By Hayes Hunt and Jillian Thornton
You are general counsel to a company, and your CEO steps into your office, clutching his iPhone in one hand and wiping sweat from his brow with the other, and tells you that a compromising photograph of him was stolen from his phone and posted online. You start thinking not if, but when, shareholders will discover this embarrassment, how much it will cost the company and what legal action to take.

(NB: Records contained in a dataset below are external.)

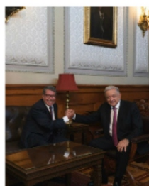
RICARDO MONREAL, SENADOR.

En Zacatecas ya comenzaron a moverse los que dicen tener la cercanía con el Senador Monreal y la rebantiga por la coordinación de la campaña en la entidad ya comenzó entre varios actores. Seguramente saldrán muchas figuras a decir que son ellos los que representan al exgobernador.
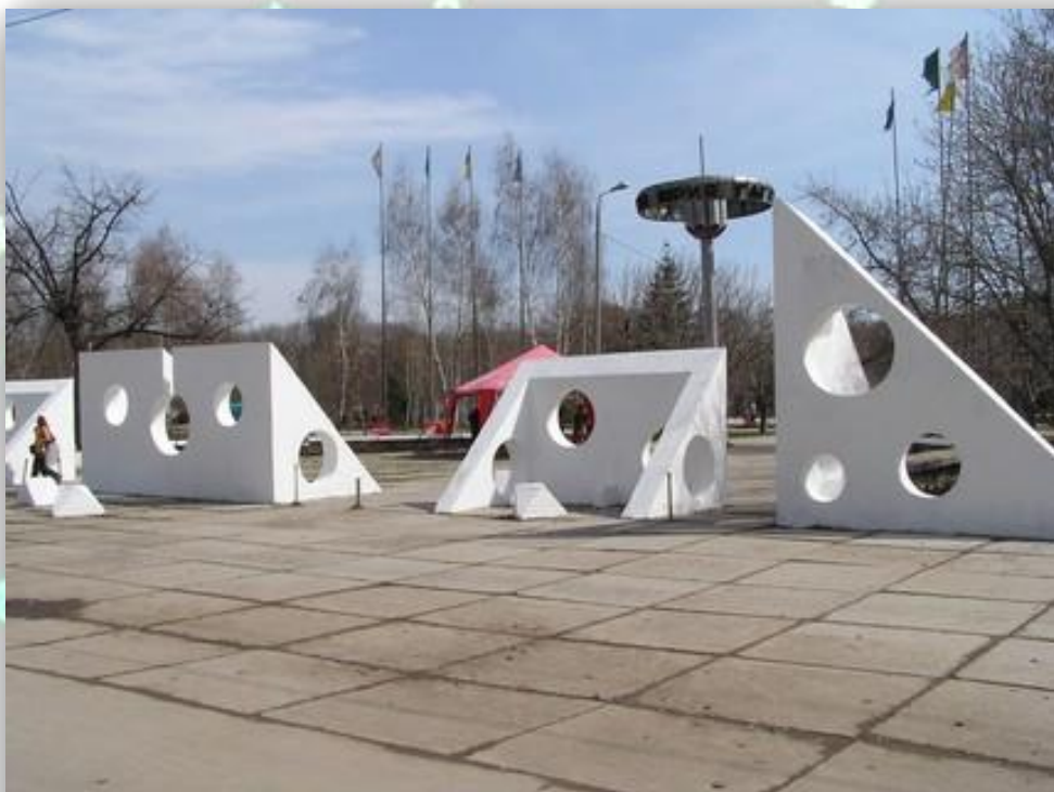
Парк им. Ю. Гагарина в Самаре
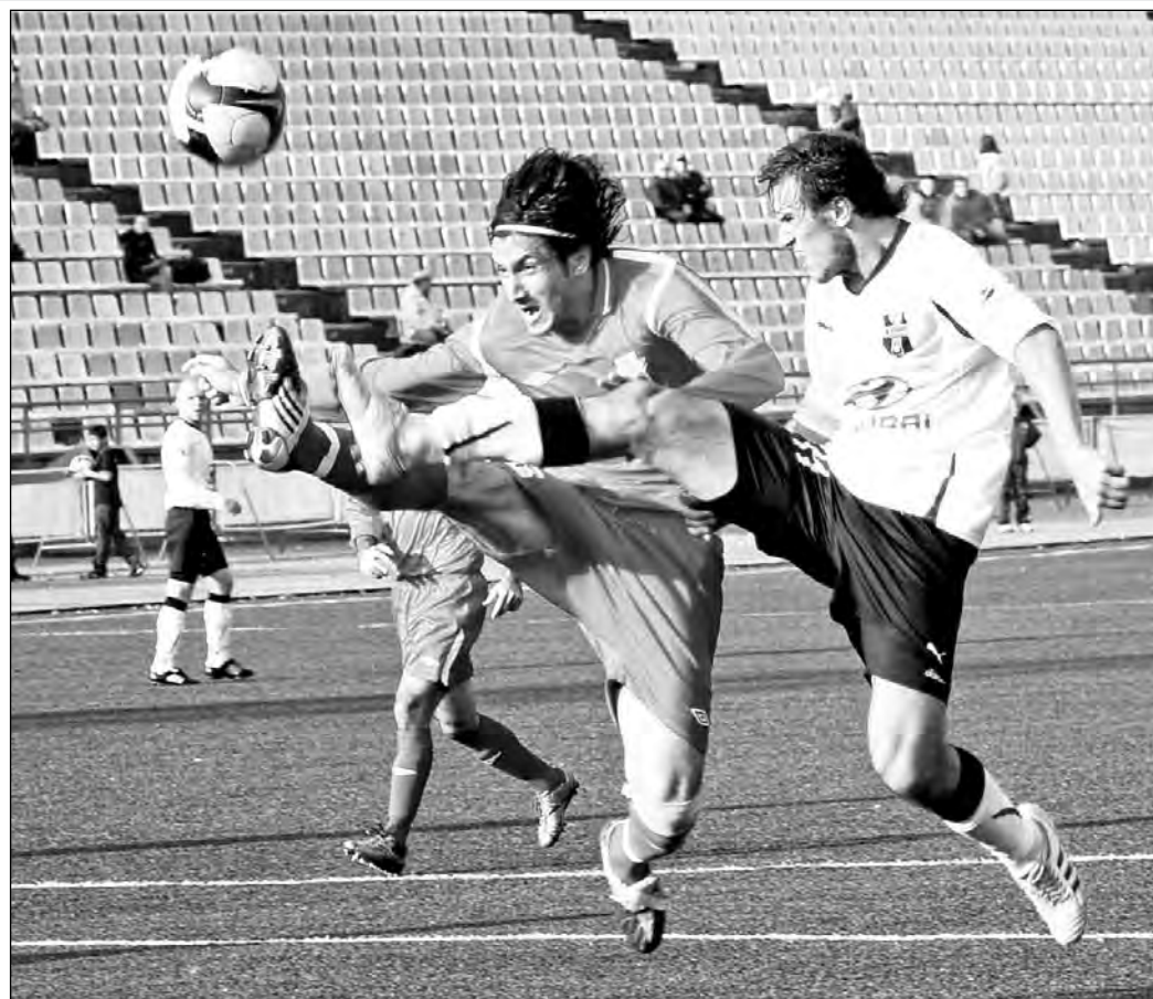
Момент матча «Кузбасс» - «Радийн-Байкал».

В отличие от профессионалов, кузбасские любители в минувшие выходные своих болельщиков порадовали. Футбольный клуб «Распадская» из Междуреченска, сыграв в Рубцовске с местными «Торпедо» вничью со счетом 0:0, за тур до окончания регионального первенства страны среди коллек-

Unfortunately, such incidents are becoming more common in this digital age, a fact highlighted by the recent leak of stolen nude celebrity photographs. A few weeks ago, hackers uploaded nude photos of several dozen female celebrities to the Internet. Allegedly, the leak was made possible by software designed for use by law enforcement to pull data from iPhones in conjunction with a tool that can crack Apple iCloud passwords. With this method, hackers can impersonate a victim’s iPhone and download its full backup of data. That means a lot of personal—and possibly embarrassing or even incriminating—information can be spread across the globe via the Internet. While hackers employing this type of computer crime frequently seem to target popular celebrities, hackers have and will continue to victimize “normal” people as well.

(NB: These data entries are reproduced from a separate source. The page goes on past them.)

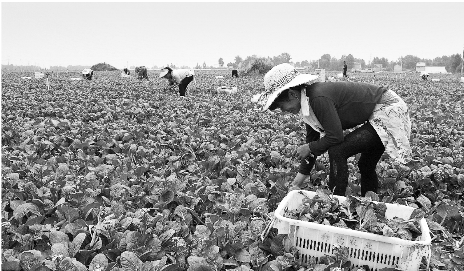
南阳种德农业科技有限公司万亩保供蔬菜基地一期投资2100万元,建设示范园2600亩,年产保供蔬菜2100万斤,实现销售收入6900万元。③10
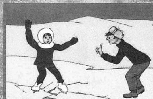
Если под вами затрещал лед и появились трещины не пугайтесь и не бегите от опасности! Плавно ложитесь на лед и перекачивайтесь в безопасное место!
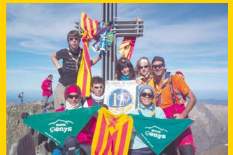
L'EROL, feliç, un cop al cim de la Pica d'estats

Esperem tenir relleus estables i seguir amb el dinamisme actual de l'agrupament.
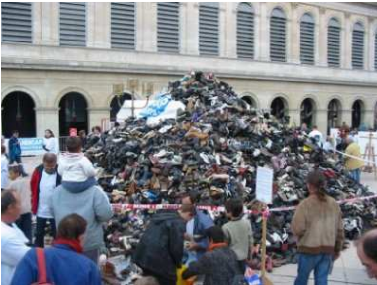
Pyramide de Lyon

La mobilisation de cette ONG était encore et toujours, contre les bombes à sous munitions (BASM) : ce sont des mini bombes larguées dans des containers par voie aérienne dont 5 à 30% n'explorent pas au premier impact et se transforment de fait en mines anti-personnel.
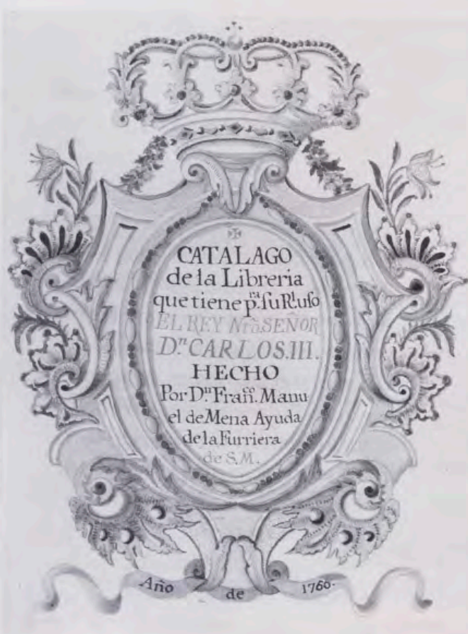
Portada del «Catálogo de la Librería que tiene para su Real uso el Rey Nuestro Señor Don Carlos III». Año de 1760.
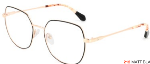
212 MATT BLACK
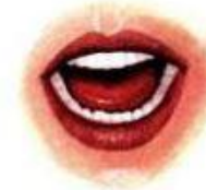
4. НАКАЗАТЬ НЕПОСЛУШНЫЙ ЯЗЫЧОК

Широко открыть рот, как можно дальше разведя уголки губ. Язык лежит во рту спокойно и неподвижно.
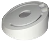
DS-1259ZJ Потолочное крепление

Due to the pace at which technology advances, the deliberate cadence of the law does not match technology’s pace. However, some legal options are available to those whose personal data has been stolen by hackers and then published on the Internet.
Without a doubt, the most important thing to remember when facing a potential hacker leak online is to act quickly. The quicker the response, the better the result. The Internet seems to move at the speed of light, but a fast response can help to limit the damage.
The next step is to contact local law enforcement to report the theft. Cybercrime can be difficult to investigate and prosecute because the information can be stolen in one jurisdiction and then uploaded to servers in another jurisdiction, depriving local authorities of the right to prosecute. Nevertheless, your local law enforcement agency is obligated to take a formal report and refer you to other agencies that can help.
Another group to contact is the Internet Crime Complaint Center (IC3), which is a partnership between the FBI and the National White Collar Crime Center. The IC3 will evaluate your complaint and refer it to the appropriate law enforcement or regulatory agency that has jurisdiction. Complaints can be filed online at http://www.ic3.gov/default.aspx.
Your employee will also need to change the passwords for all of his or her online accounts to prevent further exploitations. You should hire an external investigator who has experience with and understands computer forensics and investigations. It is essential to save the evidence related to your complaint.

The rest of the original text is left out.